There are 13 continuous variables in the dataset. The crime rate of the town was 0.3(0.1~3.7)%; the proportion of a town's residential land zoned for lots over 25,000 sq.ft. was 0 (0~12.5)%; the proportion of non-retail business acres per town was 9.7(5.2~18.1)%; the nitric oxides concentration was 0.5(0.4~0.6) parts per 10 million; the average number of rooms per dwelling was 6.3±0.7 rooms; the proportion of owner-occupied units built prior to 1940 was 77.5(45.0~94.1)%; the weighted distances to five Boston employment centres was 3.2 (2.1~5.2) kilometers; the index of accessibility to radial highways was 5(4~24) units of accessibility; the full-value property-tax rate was $330(279~666) per \$10,000; the pupil-teacher ratio by town was 19.1(17.4~20.2); the Black proportion of population after taking the formula of 1000(Bk-0.63)^2 was 391.4(375.4~396.2); the proportion of population that is lower status was 11.4(6.9~17.0)%; the median value of owner-occupied homes was \$21.2(17~25)*1000. 
#### 3.3.2 interpreting categorical variable

35(6.9%) towns have tracts that bonds Charles River. 

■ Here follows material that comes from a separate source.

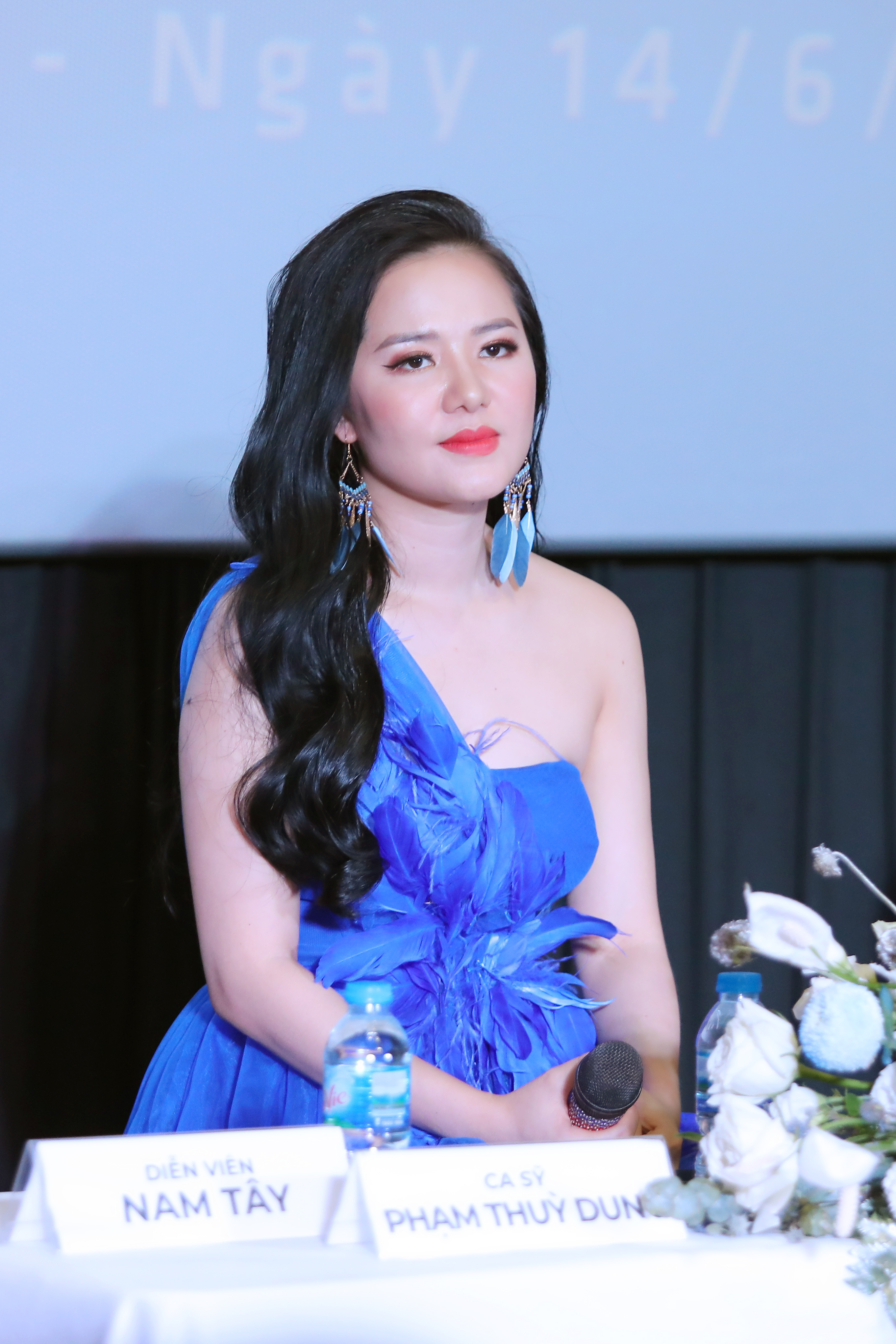 Phạm Thùy Dung trong buổi họp báo ra mắt sản phẩm âm nhạc đầu tiên sau 6 năm bước lên ngôi vị Á quân Sao mai 2013.

#### 3.3.3 commenting on the relationships between variables

Except for the one binary variable about tract that bonds river, each variable in our data set shows a >0.3 and/or <-0.3 correlation with at least one of the other variables. Some of them have correlation as high as 0.9. All of the correlation coefficients are significant (_p_<0.001). 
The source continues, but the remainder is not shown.